Hotel industry in need of a border reopening blueprint

“All members are badly affected especially those that own a few, like eight to 10 hotels, with a big number of rooms and a lot of employees, ’’ said MAHO executive director Shaharuddin Mohamad Saaid.

WITH international borders still restricted, the hotel sector next year will still be highly dependent on domestic tourism.

The easing of movement control orders recently, allowing for travels for tourism and meetings at hotels, will help the domestic tourism and hotel sector. Due to the low yield of domestic travels, hotels can only hope to survive with little or no profits.

The Malaysian Association of Hotels (MAH) is forecasting a full year 2020 occupancy of about 25% compared with 60% in 2019. With a drop of 30% to 70% in room rates, MAH said that would translate into a 60% to 80% loss in revenue.

The Malaysian Association of Hotel Owners (MAHO) has estimated the loss for the hotel sector at RM3.3bil during the movement control order (MCO) period between March to June while occupancy fell below 30%.

Up to December, MAHO estimated the loss at RM6.5bil, while a number of hotels had closed for good and many closed operations for an unspecified period, even up to December.

MAH, which represents 1,000 hotels, has tracked about 90 hotels across the country that have closed temporarily or permanently; about 12,000 employees have lost their jobs directly or indirectly.

Among MAHO members, four hotels (one five-star and three four-star) have closed down, while one three-star resort hotel had converted to provide accommodation of a lower range. There are 97 three-to-five star hotel owners under MAHO, with a total of 200 hotels including some under development.

A total of 109 in the hotel sector, that includes hotels, resorts, motels, homestays and chalets, have closed down, it was reported last month.

“All members are badly affected especially those that own a few, like eight to 10 hotels, with a big number of rooms and a lot of employees, ’’ said MAHO executive director Shaharuddin Mohamad Saaid.

Since March, the Malaysian Budget Hotels Association (MBHA) has seen about 17% closures among its 2,300 members.

While budget hotel occupancy improved after inter-state travel was allowed in June, it dropped again with 95% cancellation in bookings during the second conditional MCO period starting in October.

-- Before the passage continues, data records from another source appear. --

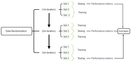 Flowchart of the stages of training and testing of classifiers in an example of k-fold, with k equal to 3.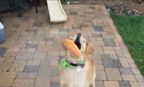 A golden retriever dog skillfully catches a hot dog bun, then proudly holds a hot dog in its mouth on a patio.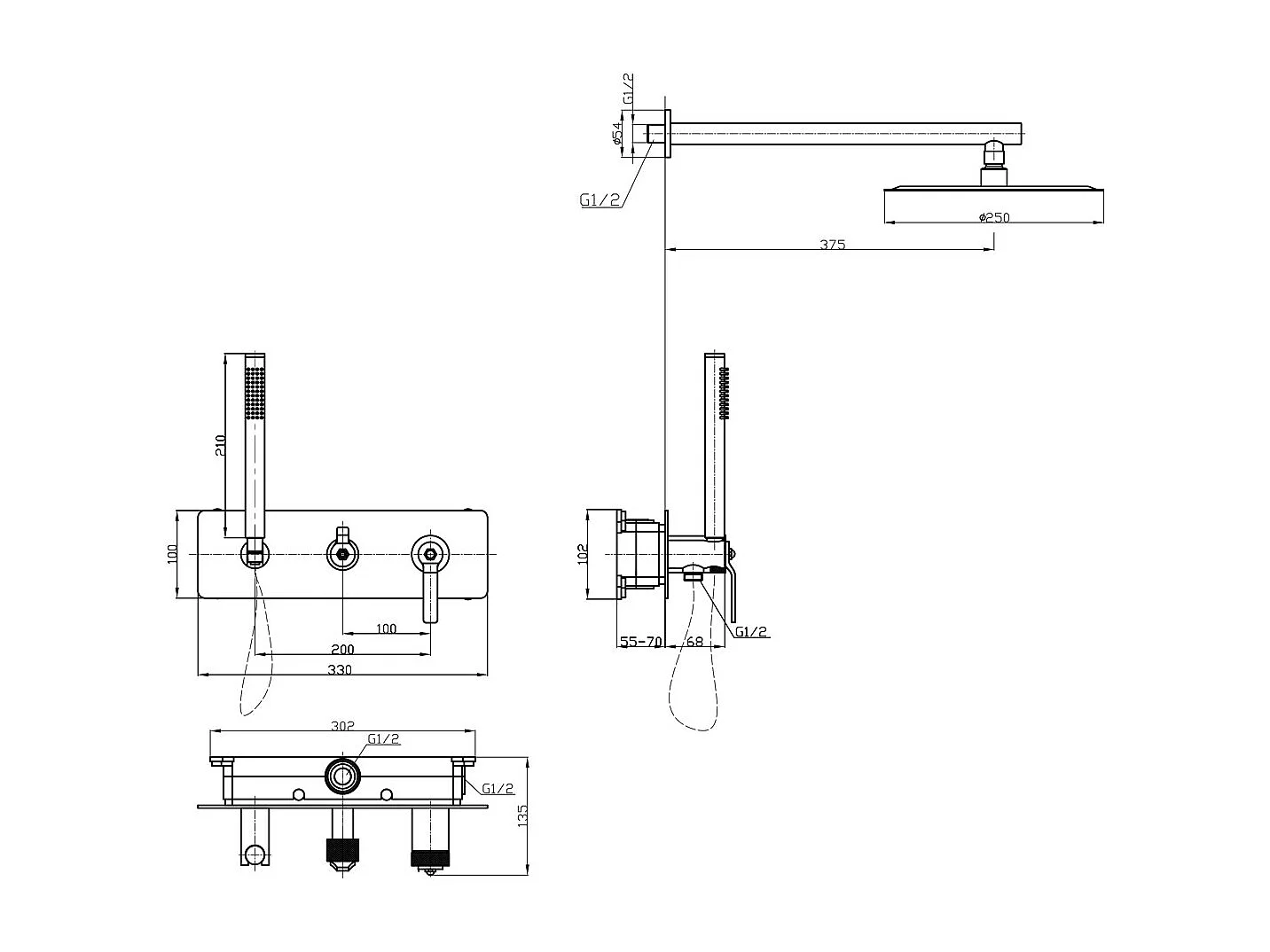 Molette colonne de douche encastrée mécanique cuivre brossé - Essebagno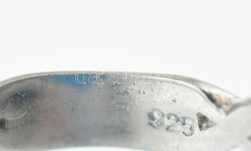 Ezüst (Ag) kék köves ékszerszett (gyűrű, fülbevaló, medál láncon), jel...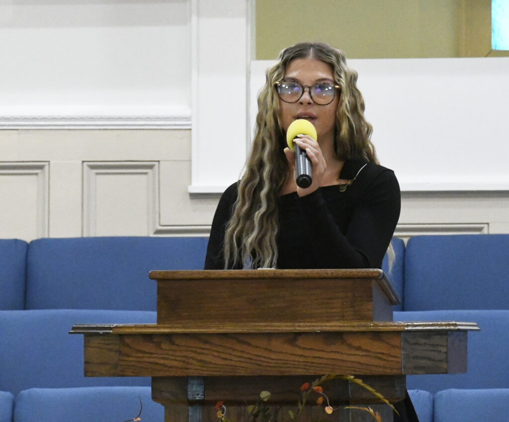 A “Shoutin’ Time in Heaven led by the Mount Calvary Praise Team. Berry sang the solo part of a song accompanied by the Youth Choir. Makenna Meekins sang a solo, “King of Kings.”

For next year, bookings at budget hotels are still very low as domestic travellers are concerned about safety, said MBHA president Hajjah Emmy Suraya Hussein.

MAH is anticipating a slow first quarter in 2021, followed by a moderate second quarter; coming to the third quarter, they hope for the return of international arrivals.

“The year 2021 will see fierce competition among Asean countries; Malaysia needs to step up the game now. The hotel industry needs to change the way room rates are managed, and there will be an opportunity to do this next year as international tourism reopens, ’’ said MAH CEO Yap Lip Seng. (pic below)

In 2019, hotels in Kuala Lumpur recorded an average daily rate of US$79, while for equivalent destinations like Bangkok, the rate was US$109, Singapore US$197, and even Manila was at US$101. Based on the regional average, the rate in Malaysia should go up by 30% to 50%, said Yap.

For the immediate term, the hotel industry is in need of a border reopening blueprint for leisure tourism. There should be plans for reopening in phases, targeting at specific groups with specific requirements and relaxation of rules. For instance, in Phase One, business travellers could be allowed to travel internationally with restricted movements.

Under Phase Two, international travellers may be allowed specifically to attend events or sports like golfing in Malaysia.

Regarding the proposed Covid-19 recovery measures, an industry survey indicated that over 85% of hotels are requesting for subsidies of a minimum of RM1,200 per employee per month.

The current wage subsidy programme helps impacted industries to claim between RM600 to RM1,200 per employee, depending on the total number of employees eligible.

This was extended till end of the year at a fixed rate of RM600 per employee.

“This amount is deemed insufficient for heavily impacted industries such as tourism and hotels, the earliest to be impacted and among the last to recover, ’’ said Yap.

The hotel industry has proposed that employees with a monthly pay of up to RM4,000 per month be given a 50% wage subsidy, and those with monthly pay between RM4,001 to RM8,000 be given a 30% wage subsidy.

In the immediate term, the hotel industry is seeking, among other things, a 50% discount on water bills for hotels up to March 2021; an increase in the discount on electricity bills to 50% and a waiver of maximum demand charges up to March 2021.

While countries are still experiencing high numbers of Covid-19 cases, the tourism sector may only recover at the earliest, by 2023.

Between January to September, there was a drop in tourist arrivals by 78.7% to 4.29 million tourists compared with the corresponding period last year. Tourism receipts over the period fell by 80.9% to RM12.6bil against the same period last year.

This sector is “crying” for help, and there is a lot of pressure on the government to see to its survival.

Yap Leng Kuen is the former business editor of StarBiz. Views expressed here are the writer’s own.